What you are asked to do: Your copy should repeat the data that follows exactly and contain no image.

Exercise data:
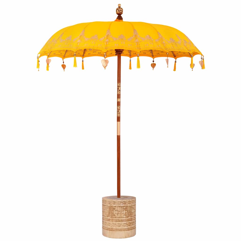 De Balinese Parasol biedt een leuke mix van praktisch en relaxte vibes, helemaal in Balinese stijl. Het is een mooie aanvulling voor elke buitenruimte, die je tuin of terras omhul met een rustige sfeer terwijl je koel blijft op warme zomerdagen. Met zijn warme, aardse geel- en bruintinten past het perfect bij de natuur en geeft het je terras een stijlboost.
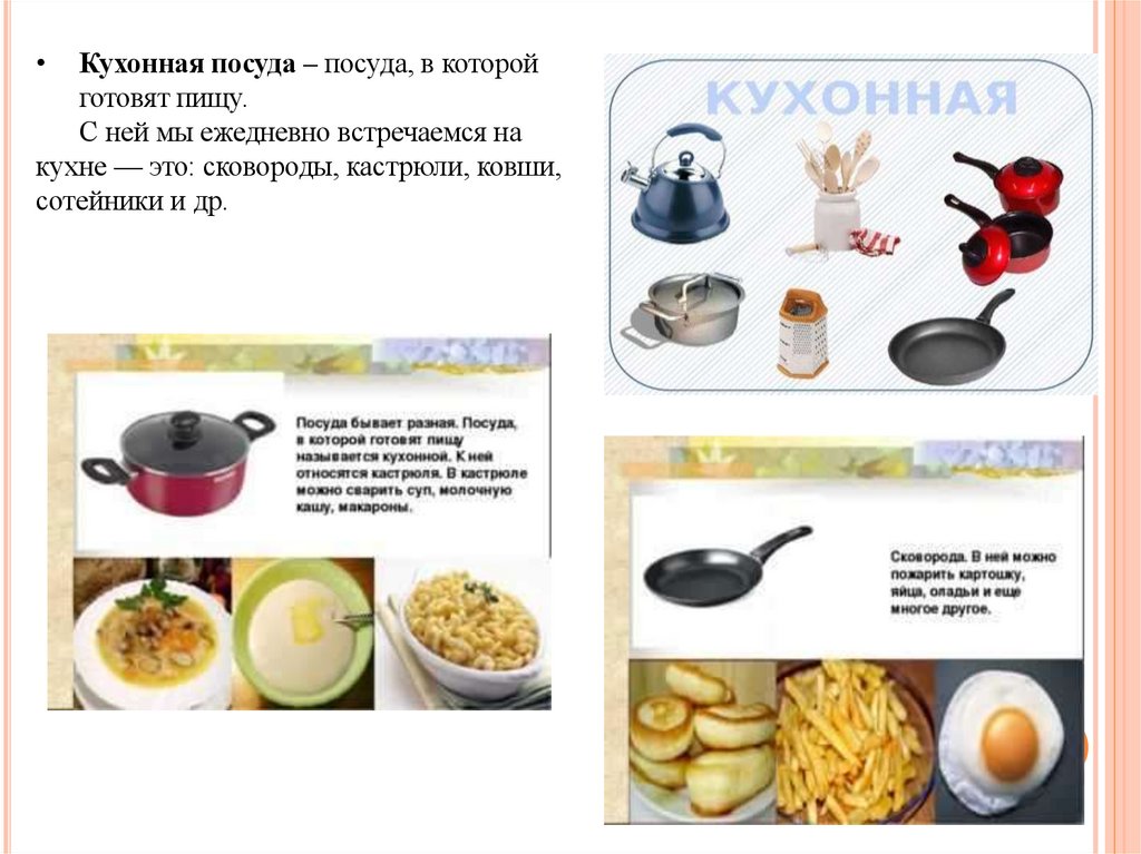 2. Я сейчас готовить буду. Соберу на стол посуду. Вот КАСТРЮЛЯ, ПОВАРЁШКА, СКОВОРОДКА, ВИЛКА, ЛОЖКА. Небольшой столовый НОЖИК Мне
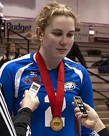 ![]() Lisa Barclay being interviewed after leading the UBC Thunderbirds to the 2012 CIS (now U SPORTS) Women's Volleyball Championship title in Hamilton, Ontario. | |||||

Written answer:
 De Balinese Parasol biedt een leuke mix van praktisch en relaxte vibes, helemaal in Balinese stijl. Het is een mooie aanvulling voor elke buitenruimte, die je tuin of terras omhul met een rustige sfeer terwijl je koel blijft op warme zomerdagen. Met zijn warme, aardse geel- en bruintinten past het perfect bij de natuur en geeft het je terras een stijlboost.
 2. Я сейчас готовить буду. Соберу на стол посуду. Вот КАСТРЮЛЯ, ПОВАРЁШКА, СКОВОРОДКА, ВИЛКА, ЛОЖКА. Небольшой столовый НОЖИК Мне
 ![]() Lisa Barclay being interviewed after leading the UBC Thunderbirds to the 2012 CIS (now U SPORTS) Women's Volleyball Championship title in Hamilton, Ontario. | |||||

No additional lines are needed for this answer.